I'm with a problem, I am working on highscores, and for those highscores you need to make a ranking based on skill experience and latest update time (to see who got the highest score first incase skill experience is the same).
The problem is that with the query I wrote, it takes 28 (skills) x 0,7 seconds to create a personal highscore page to see what their rank is on the list. Requesting this in the browser is just not doable, it takes way too long for the page to load and I need a solution for my issue.
MySQL version: 5.5.47
The query I wrote:
SELECT rank FROM
(
SELECT hs.playerID, (#rowID := #rowID + 1) AS rank
FROM
(
SELECT hs.playerID
FROM highscores AS hs
INNER JOIN overall AS o ON hs.playerID = o.playerID
WHERE hs.skillID = ?
AND o.game_mode = ?
ORDER BY hs.skillExperience DESC,
hs.updateTime ASC
) highscore,
(SELECT #rowID := 0) r
) data
WHERE data.playerID = ?
As you can see I first have to create a whole resultset that gives me a full ranking for that game mode and skill, and then I have to select the rank based on the playerID after that, the problem is that I cannot let the query run untill it finds the result, because mysql doesn't offer such function, if I'd specifiy where data.playerID = ? in the query above, it would give back 1 result, meaning the ranking will be 1 as well.

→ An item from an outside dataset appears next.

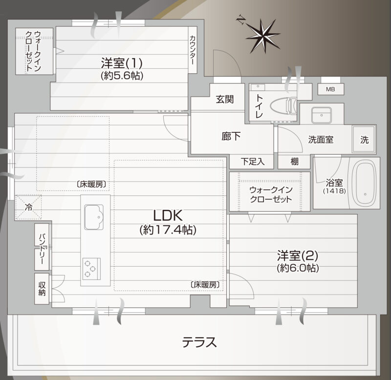 参宮橋 71.46㎡ 2LDK 9,380万円(管理体制良好、床暖房付き、新規内装リフォーム、WIC付き、浴室乾燥機、タンクレストイレ)

The highscores table has 550k rows
What I have tried was storing the resultset for each skillid/gamemode combination in a temp table json_encoded, tried storing on files, but it ended up being quite slow as well, because the files are really huge and it takes time to process.
Highscores table:
CREATE TABLE `highscores` (
`playerID` INT(11) NOT NULL,
`skillID` INT(10) NOT NULL,
`skillLevel` INT(10) NOT NULL,
`skillExperience` INT(10) NOT NULL,
`updateTime` BIGINT(20) NOT NULL,
PRIMARY KEY (`playerID`, `skillID`)
)
COLLATE='utf8_general_ci'
ENGINE=MyISAM;
Overall table has got 351k rows
Overall table:
CREATE TABLE `overall` (
`playerID` INT(11) NOT NULL,
`playerName` VARCHAR(50) NOT NULL,
`totalLevel` INT(10) NOT NULL,
`totalExperience` BIGINT(20) NOT NULL,
`updateTime` BIGINT(20) NOT NULL,
`game_mode` ENUM('REGULAR','IRON_MAN','IRON_MAN_HARDCORE') NOT NULL DEFAULT 'REGULAR',
PRIMARY KEY (`playerID`, `playerName`)
)
COLLATE='utf8_general_ci'
ENGINE=MyISAM;
Explain Select result from the query:
Does anybody have a solution for me?
No useful index for WHERE
The last 2 lines of the EXPLAIN (#3 DERIVED):
WHERE hs.skillID = ?
AND o.game_mode = ?
Since neither table has a suitable index to use for the WHERE clause, to optimizer decided to do a table scan of one of them (overall), then reach into the other (highscores). Having one of these indexes would help, at least some:
highscores: INDEX(skillID)
overall: INDEX(game_mode, ...) -- note that an index only on a low-cardinality ENUM is rarely useful.
(More in a minute.)
No useful index for ORDER BY
The optimizer sometimes decides to use an index for the ORDER BY instead of for the WHERE. But
ORDER BY hs.skillExperience DESC,
hs.updateTime ASC
cannot use an index, even though both are in the same table. This is because DESC and ASC are different. Changing ASC to DESC would have an impact on the resultset, but would allow
INDEX(skillExperience, updateTime)
to be used. Still, this may not be optimal. (More in a minute.)
Covering index
Another form of optimization is to build a "covering index". That is an index that has all the columns that the SELECT needs. Then the query can be performed entirely in the index, without reaching over to the data. The SELECT in question is the innermost:
( SELECT hs.playerID
FROM highscores AS hs
INNER JOIN overall AS o ON hs.playerID = o.playerID
WHERE hs.skillID = ?
AND o.game_mode = ?
ORDER BY hs.skillExperience DESC, hs.updateTime ASC
) highscore,
For hs: INDEX(skillID, skillExperience, updateTime, playerID) is "covering" and has the most important item (skillID, from the WHERE) first.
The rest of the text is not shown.